#### WORK INSTRUCTION
Return every line of the records, exact and in full, until you have returned the line with "藤田さんが現在制作を依頼され", and include none of the pictures.

== Segment start ==

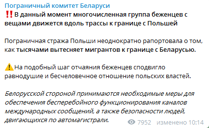 В Пограничном комитете Беларуси подтвердили движение мигрантов и заявили, что "на подобный шаг отчаяния беженцев сподвигло равнодушие и бесчеловечное отношение польских властей", поскольку польские  пограничники ранее тысячами вытесняли мигрантов к границе с Беларусью.
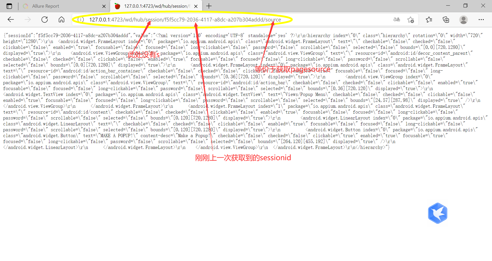 再通过http://127.0.0.1:4723/wd/hub/session/sessionid/source 获取到pagesource内容
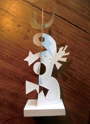 藤田さんが現在制作を依頼されている、縄文人のスピリットが込められたモニュメントの模型。これは厚紙製の小さなものだが、実物は木製で、高さ1間(約180センチ)くらいになるということだ。だから、縄文人としてはだいぶ大柄なものとなる。それを想像すると、どんなものになるのか、でき上がりが楽しみになってくる。
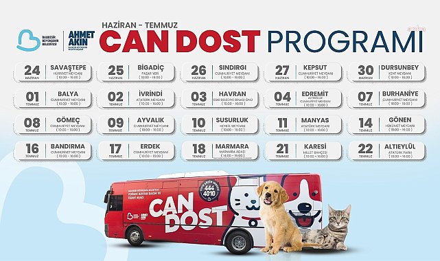 (BALIKESİR) - Balıkesir Büyükşehir Belediyesi'nin ilçeleri dolaşarak sokak hayvanlarına ücretsiz tedavi desteği sağlayan mobil hayvan bakım ve tedavi aracı “Can Dost”un, haziran ve temmuz takvimi belli oldu. Araç, belirli günlerde farklı ilçelerde kuduz aşısı ve parazit uygulamasının yanı sıra yaralı hayvanları da tedavi edecek.Balıkesir'in tüm ilçelerinde sokak hayvanlarının sağlık koşullarını iyileştirmek amacıyla hizmet veren “Can Dost” ile hayvanların sağlık taramaları ve tedavileri gerçekleştiriliyor. Sokak hayvanlarına uzman veteriner hekimler tarafından parazit uygulaması ve kuduz aşısı yapılıyor.Belirli günlerde, belirlenen ilçelerde hizmet veren Can Dost, 10.00 ile 16.00 saatleri arasında faaliyet gösteriyor. Can Dost, 18 Temmuz Marmara Adası’nın saatleri feribot seferlerine bağlı olarak değişiklik gösterdiği için yalnızca 18 Temmuz’da Marmara Adası’nda 14.00-16.00 saatleri arasında hizmet verecek.Can Dost'un haziran ve temmuz ayı programı belli oldu. İlk olarak 24 Haziran (bugün) Savaştepe Hürriyet Meydanı’nda hizmet verecek araç, 25 Haziran'da (yarın) Bigadiç Pazar Yeri, 26 Haziran'da Sındırgı Cumhuriyet Meydanı, 27 Haziran'da Kepsut Cumhuriyet Meydanı, 30 Haziran'da Dursunbey Kent Meydanı'nda olacak.Balıkesir Büyükşehir Belediyesi Çevre Koruma ve Kontrol Dairesi Başkanlığı bünyesinde hizmet veren Can Dost, 1 Temmuz'da Balya Cumhuriyet Meydanı, 2 Temmuz'da İvrindi Atatürk Meydanı, 3 Temmuz'da Havran Eski Belediye Önü ve 4 Temmuz'da Edremit-Altınoluk Cumhuriyet Meydanı’nda olacak.Takvim, 7 Temmuz'da Burhaniye Cumhuriyet Meydanı, 8 Temmuz'da Gömeç Cumhuriyet Meydanı ve 9 Temmuz'da Ayvalık Cumhuriyet Meydanı ile devam edecek.Can Dost, 10 Temmuz'da Susurluk Heykel Meydanı’nda, 11 Temmuz'da Manyas Atatürk Meydanı’nda, 14 Temmuz'da Gönen Hükümet Meydanı’nda ve 16 Temmuz'da Bandırma Cumhuriyet Meydanı’nda hizmet verecek.Sokak hayvanları için tüm klinik imkanları seferber eden Can Dost’un takvimi, 17 Temmuz'da Erdek Cumhuriyet Meydanı ve 18 Temmuz'da Marmara Adası’nın ardından 21 Temmuz'da Karesi Millet Bahçesi ve 22 Temmuz'da Altıeylül Atatürk Parkı’nda tamamlanacak.
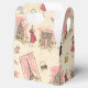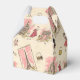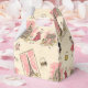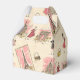 Um bom tipo de caixa de favores com uma imagem de mulheres quentes cor-de-rosa, pretas e douradas e os marcos proeminentes em Paris à beige. Há o L’arc de Triumphe, a Torre Eiffle e a bela Basílica do Sacre Coeur no cume de Montmartre.
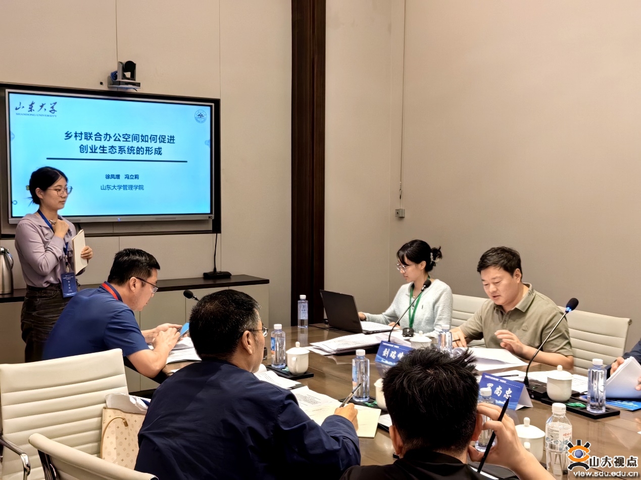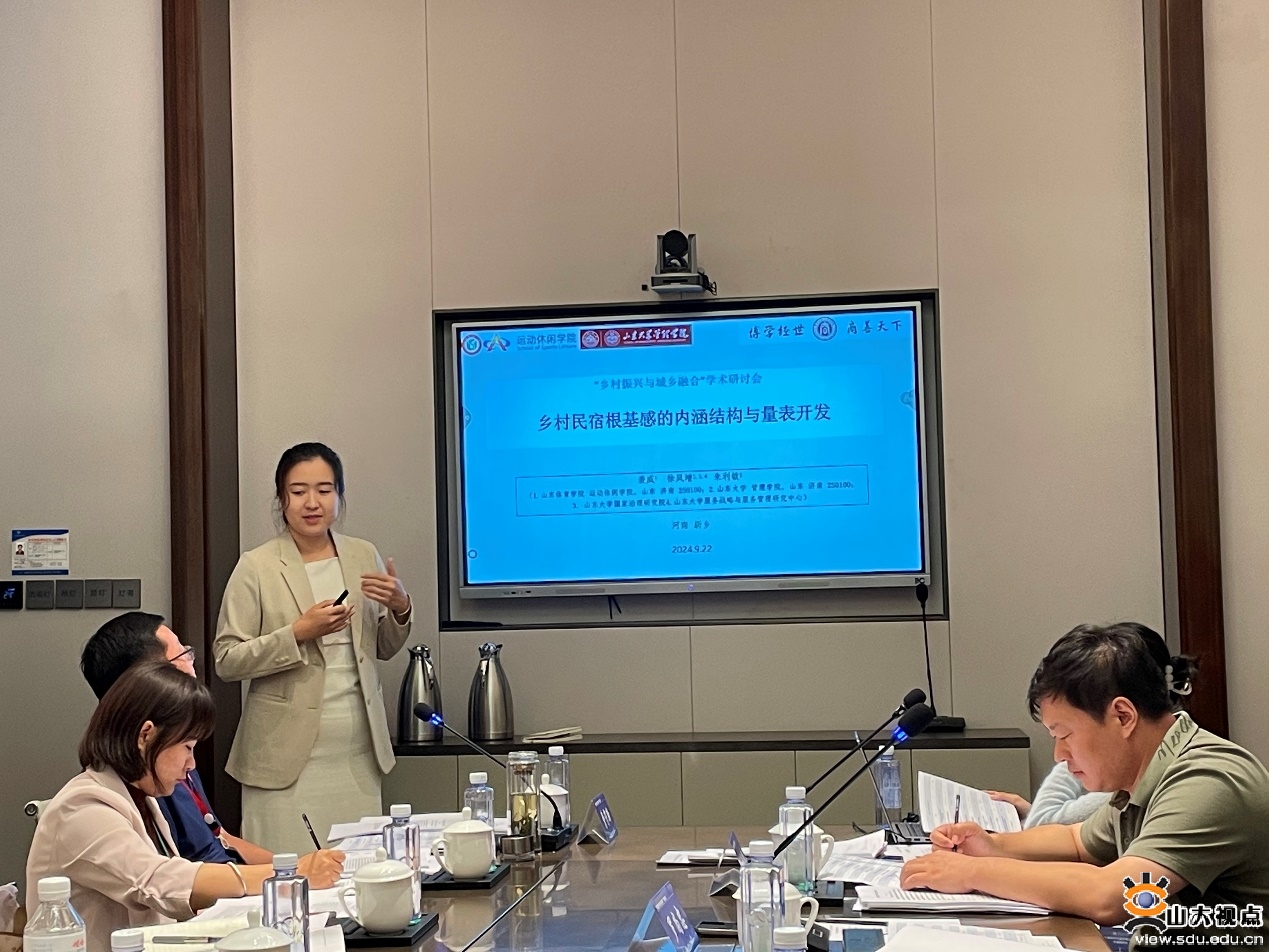 在分组研讨环节,五个分论坛分别围绕“乡村振兴与城乡融合”“乡村创业与三产融合发展”“数字经济与农村发展”“乡村农文旅深度融合”“新质生产力与可持续发展”展开研讨。研讨会期间,来自农业农村部、中国科学院、复旦大学、山东大学、北京师范大学、《南开经济研究》等高校及期刊编辑齐聚一堂,围绕党的二十届三中全会中关于城乡建设发展等内容进行学理阐释,开展学术研讨,凝聚学界共识。山东大学共有四篇入选论文参加分论坛并进行了现场汇报,分别是管理学院博士毕业生袭威和博士研究生朱利敏的“乡村民宿根基感的内涵结构与量表开发”,博士研究生冯立莉的“乡村联合办公空间如何促进创业生态系统的形成”,硕士研究生王展翼的“走向乡村产业振兴的人类行动者与非人类行动者转译过程研究”,硕士研究生吴祥民的“协同学理论视角下县域尺度乡村旅游目的地治理体系研究”。

== Segment end ==

#### YOUR SOLUTION
 В Пограничном комитете Беларуси подтвердили движение мигрантов и заявили, что "на подобный шаг отчаяния беженцев сподвигло равнодушие и бесчеловечное отношение польских властей", поскольку польские  пограничники ранее тысячами вытесняли мигрантов к границе с Беларусью.
 再通过http://127.0.0.1:4723/wd/hub/session/sessionid/source 获取到pagesource内容
 藤田さんが現在制作を依頼されている、縄文人のスピリットが込められたモニュメントの模型。これは厚紙製の小さなものだが、実物は木製で、高さ1間(約180センチ)くらいになるということだ。だから、縄文人としてはだいぶ大柄なものとなる。それを想像すると、どんなものになるのか、でき上がりが楽しみになってくる。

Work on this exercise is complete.